Recorded data
****************

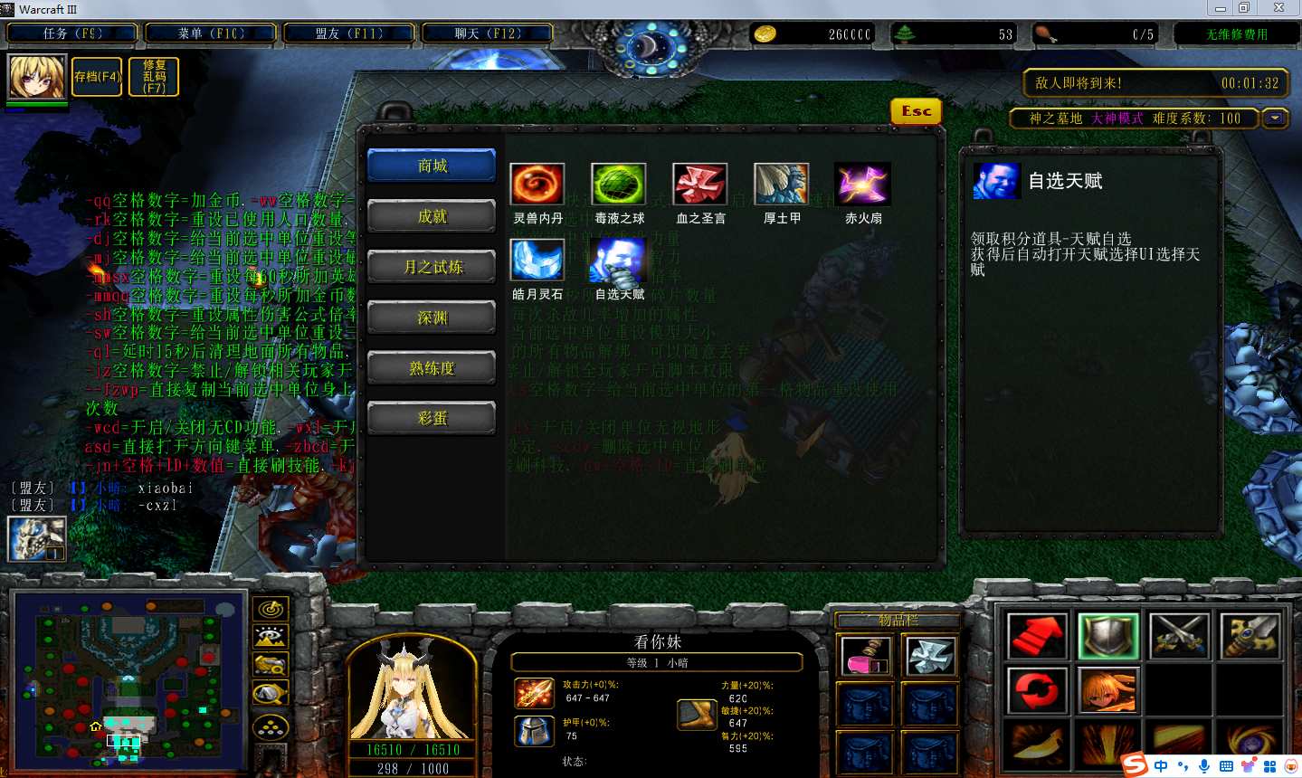 地图名字:神之墓地2.9.53地图下载+全商城特权+全存档+隐藏英雄+无CD+指令功能
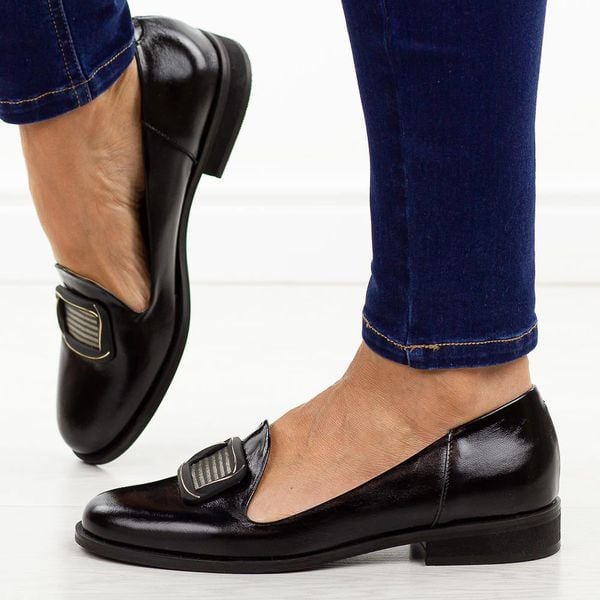 Czarne naplak skórzane Polskie półbuty damskie Deoni D111A
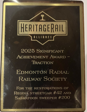 Edmonton Radial Railway Society for the restorations of Regina streetcar 42, ex. Canadian Railway Museum 24 1964-1987, exx. Canadian National 15702 1924-1964, nee Toronto Suburban Railway 24 1913-1924, built by Preston Car and Coach in 1913 and Saskatoon sweeper 200, ex. Western Development Museum 200 1951-1986, exx. Saskatoon Transit System 200 1949-1951, nee Saskatoon Municipal Railway 200 1913-1949, built by Ottawa Car Manufacturing Company in 1907.
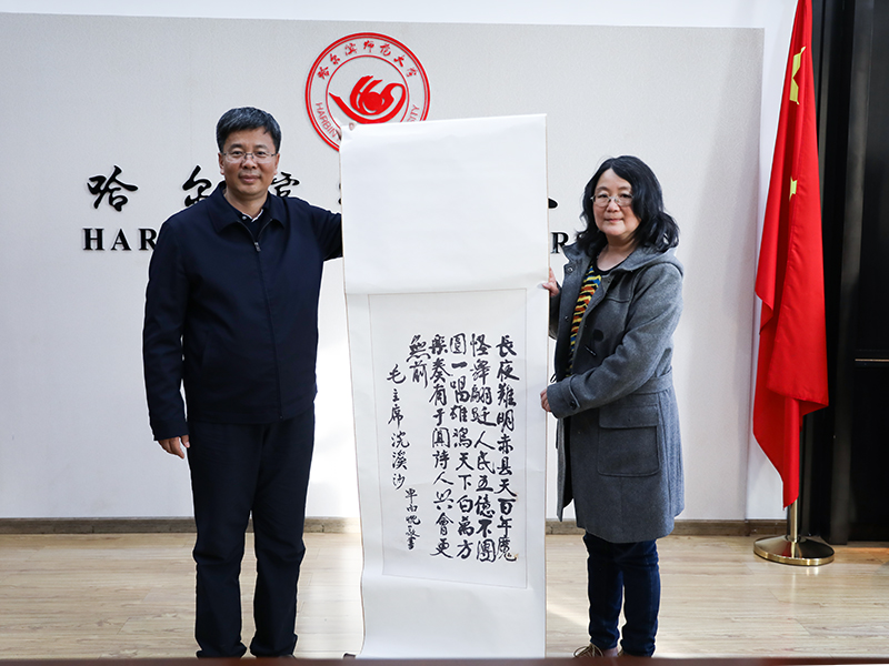 捐赠仪式上,詹洪阁先生向我校捐赠了其收藏多年的1951年《松江省师范专科学校创校纪念册》、1954年《哈尔滨师范专科学校毕业证书》、1960年《哈尔滨师范学院毕业文凭》、1964年《哈尔滨师范学院政治系毕业同学(第一班)临别纪念册》等多件我校早期校史文献资料。车红女士向我校捐赠了沈阳故宫博物院收藏的其祖父车向忱先生书写的《毛主席诗词·浣溪沙》(复制品)。
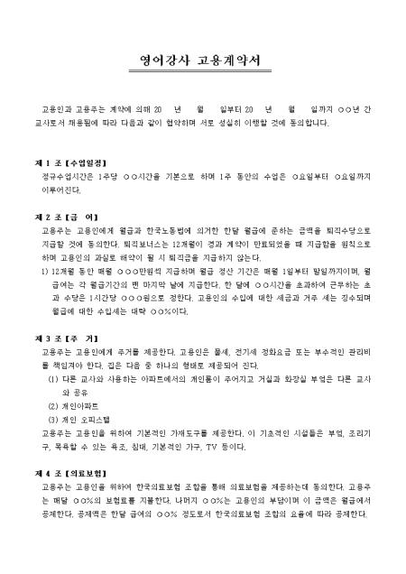 외국인 영어강사의 고용계약서입니다. 수업일정, 급여, 주거, 의료보험, 업무 등 8개 조항으로 구성되어있습니다.
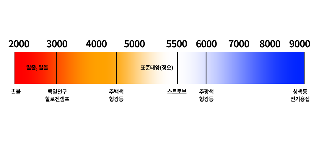 색 온도는 단위 'K'를 사용하는 Kelvin scale(켈빈 값)로 표현되며, 사진/영상 촬영 시 이미지의 분위기를 만드는 중요한 요소로서 사용됩니다.
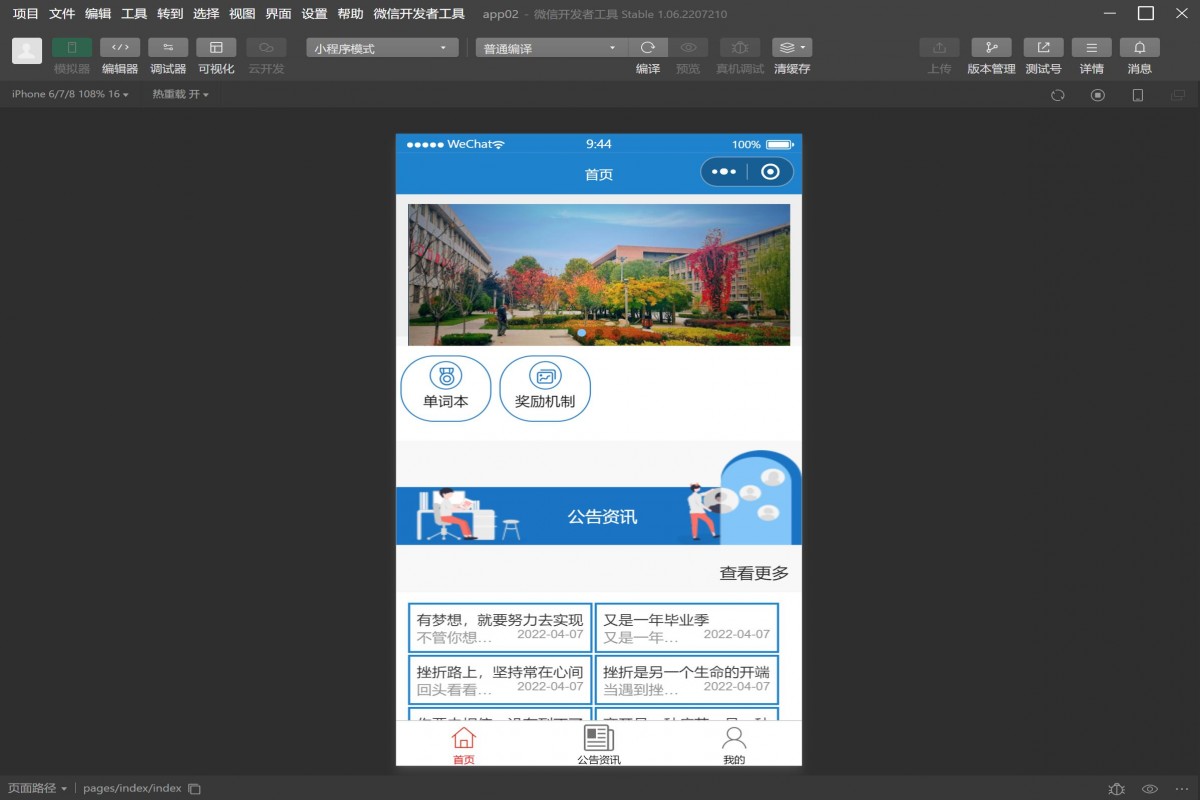 基于微信小程序英语学习激励系统----用户查看小程序首页
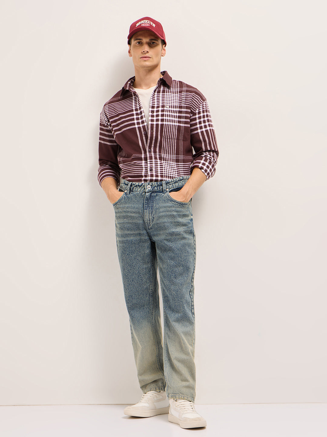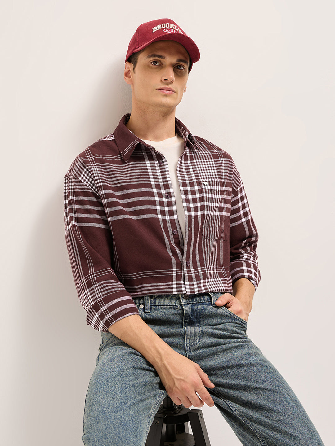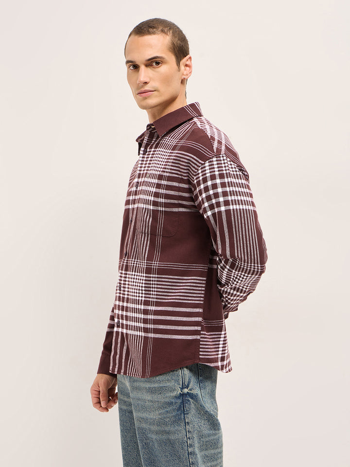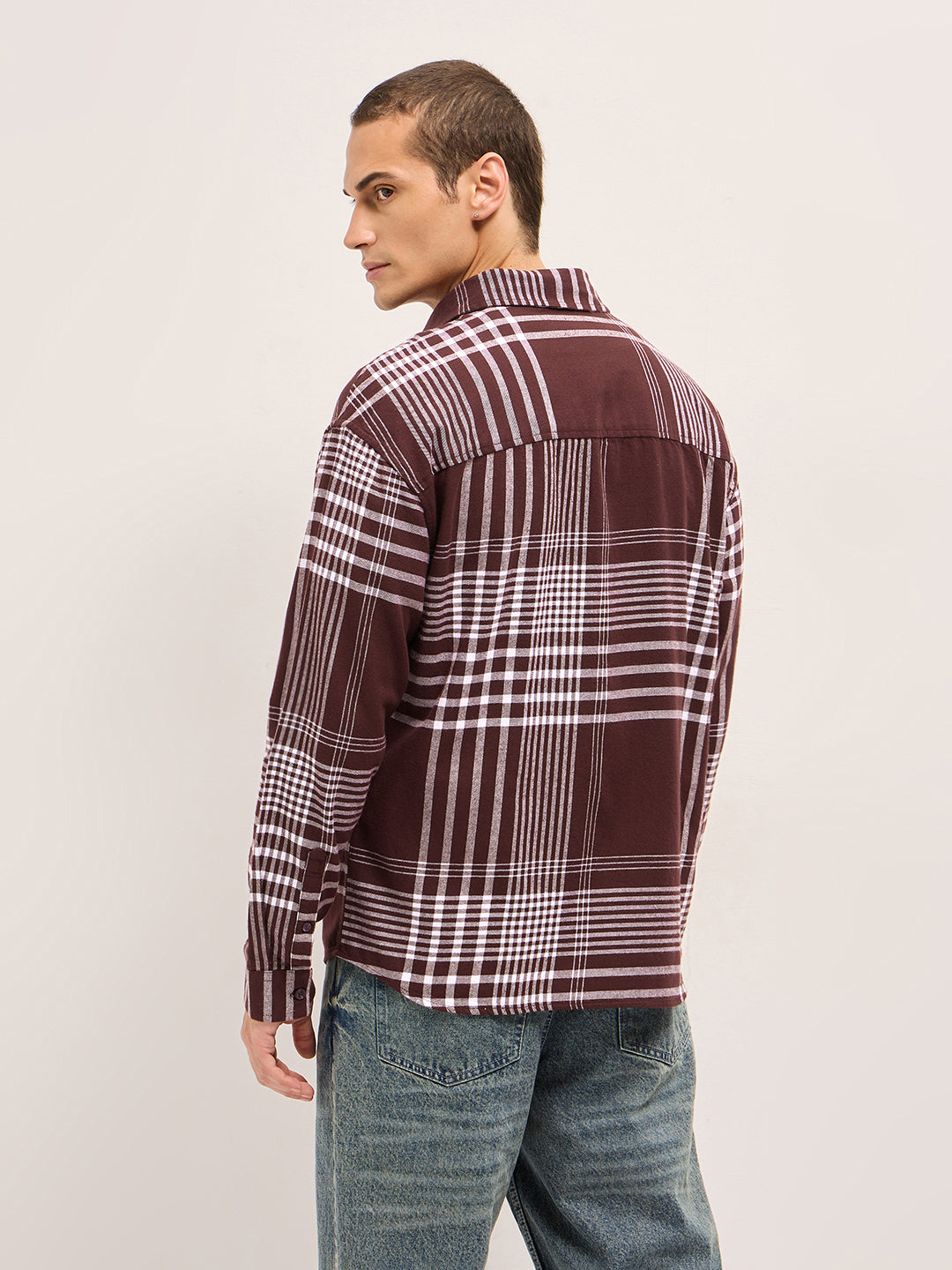Maroon Tartan Checked Design Relaxed Fit Overshirt
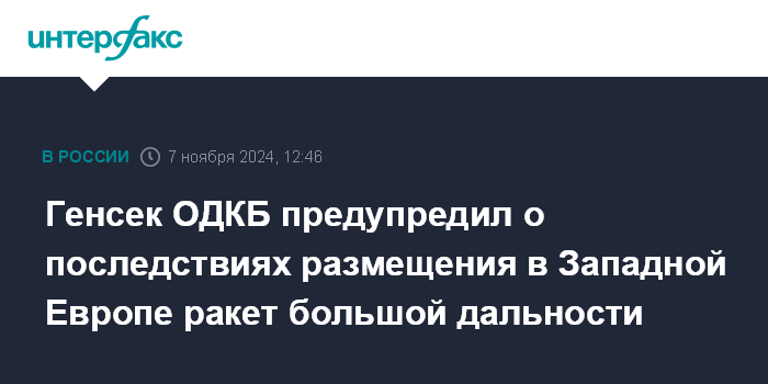 Генсек ОДКБ предупредил о последствиях размещения в Западной Европе ракет большой дальности
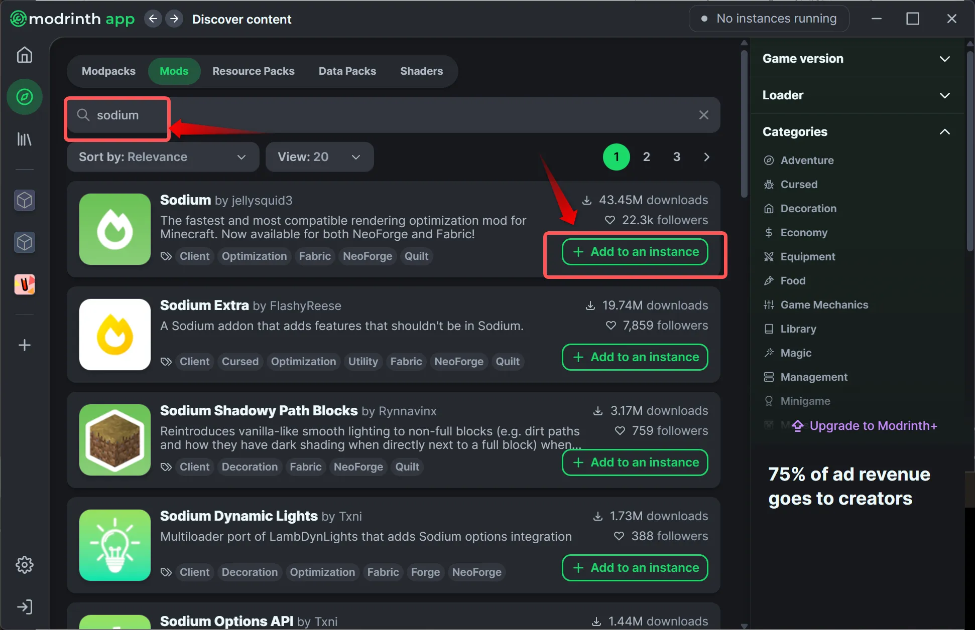 検索欄にsodiumと入力すると「Sodium by jellysquid3」というMODがでてくるので+Add to an instanceをクリックします
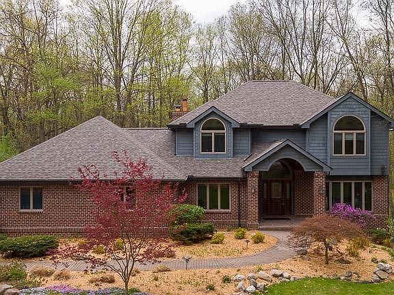 Nestled on a wooded walk-out site tucked away in Webster Hills is one of Christian Tennant's quality creations. Situated just 20 minutes to Ann Arbor's north side and only 5 minutes to Hudson Mills Metro Park featuring the Border to Border trail to Dexter. Shelled in brick and cedar this remarkable home is loaded with unique features including custom milled maple trim throughout, Andersen windows, two furnaces (one new in 2014), two hot water heaters and a dumbwaiter. The spacious kitchen boasts maple cabinetry, Corian surfaces, tiled back splash, and light-filled eating space. Fabulous 3 season porch overlooks the beautiful cedar deck system and backyard where the deer & turkeys roam free. The outbuilding makes a perfect workshop, studio or RV storage with its 10ft door. HRV air filtration exchanges the in-home air 6x per 24 hours. Don't miss the video tour!
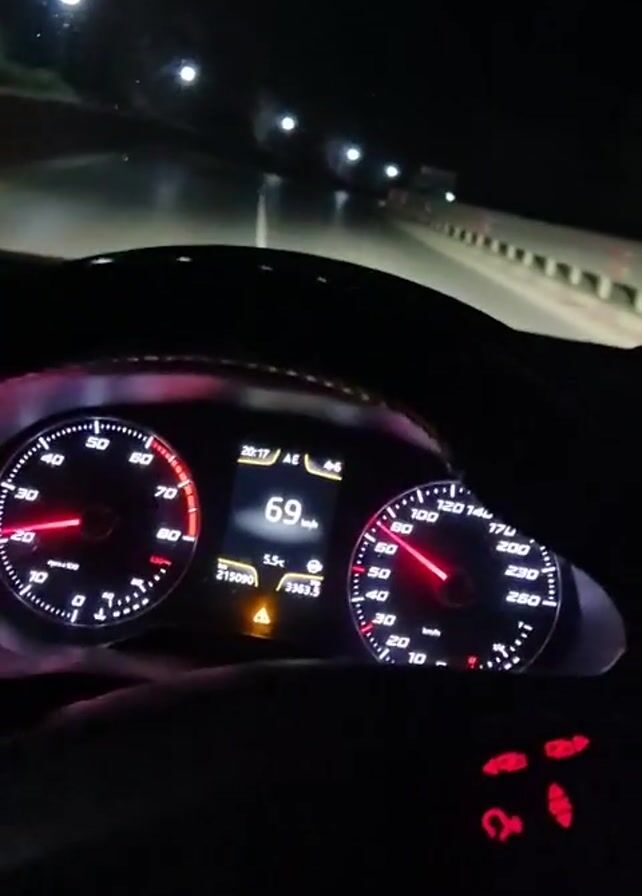 car driving at night. The camera is positioned from inside the car, behind the steering wheel, showing the dashboard and the road ahead. The dashboard instruments, including the speedometer and tachometer, are visible and illuminated. The speedometer indicates the car's speed fluctuating between 69 and 78 km/h. The road is wet and illuminated by streetlights. There is a barrier along the right side of the road. No people are visible, but the presence of a driver is implied by the perspective. The overall environment appears to be a highway or major road.
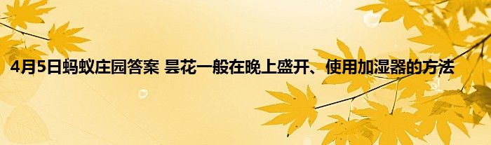2021年4月5日蚂蚁庄园答案是什么?4月5日蚂蚁庄园的答案很多的玩家都不清晰,这两个问题有:昙花一般在晚上盛开,是因为要?下面使用加湿器的方法,值得推举的是?下面小编给大家介绍一下具体的答案和解析,一起来看看吧。
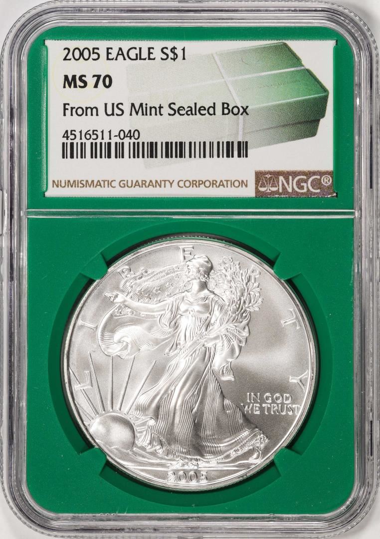 2005 $1 American Silver Eagle Coin NGC MS70 From US Mint Sealed Box Green Core

****************

WHAT IS EXPECTED -> Using the entries above, extract exactly the lines from the one that contains "외국인 영어강사의 고용계약서입니다." through the one that contains "検索欄にsodiumと入力すると「Sodium by jellysquid3」というMODがでてくるので+Add". Do not carry over any pictures.

ANSWER BOX ->
 외국인 영어강사의 고용계약서입니다. 수업일정, 급여, 주거, 의료보험, 업무 등 8개 조항으로 구성되어있습니다.
 색 온도는 단위 'K'를 사용하는 Kelvin scale(켈빈 값)로 표현되며, 사진/영상 촬영 시 이미지의 분위기를 만드는 중요한 요소로서 사용됩니다.
 基于微信小程序英语学习激励系统----用户查看小程序首页
Maroon Tartan Checked Design Relaxed Fit Overshirt
 Генсек ОДКБ предупредил о последствиях размещения в Западной Европе ракет большой дальности
 検索欄にsodiumと入力すると「Sodium by jellysquid3」というMODがでてくるので+Add to an instanceをクリックします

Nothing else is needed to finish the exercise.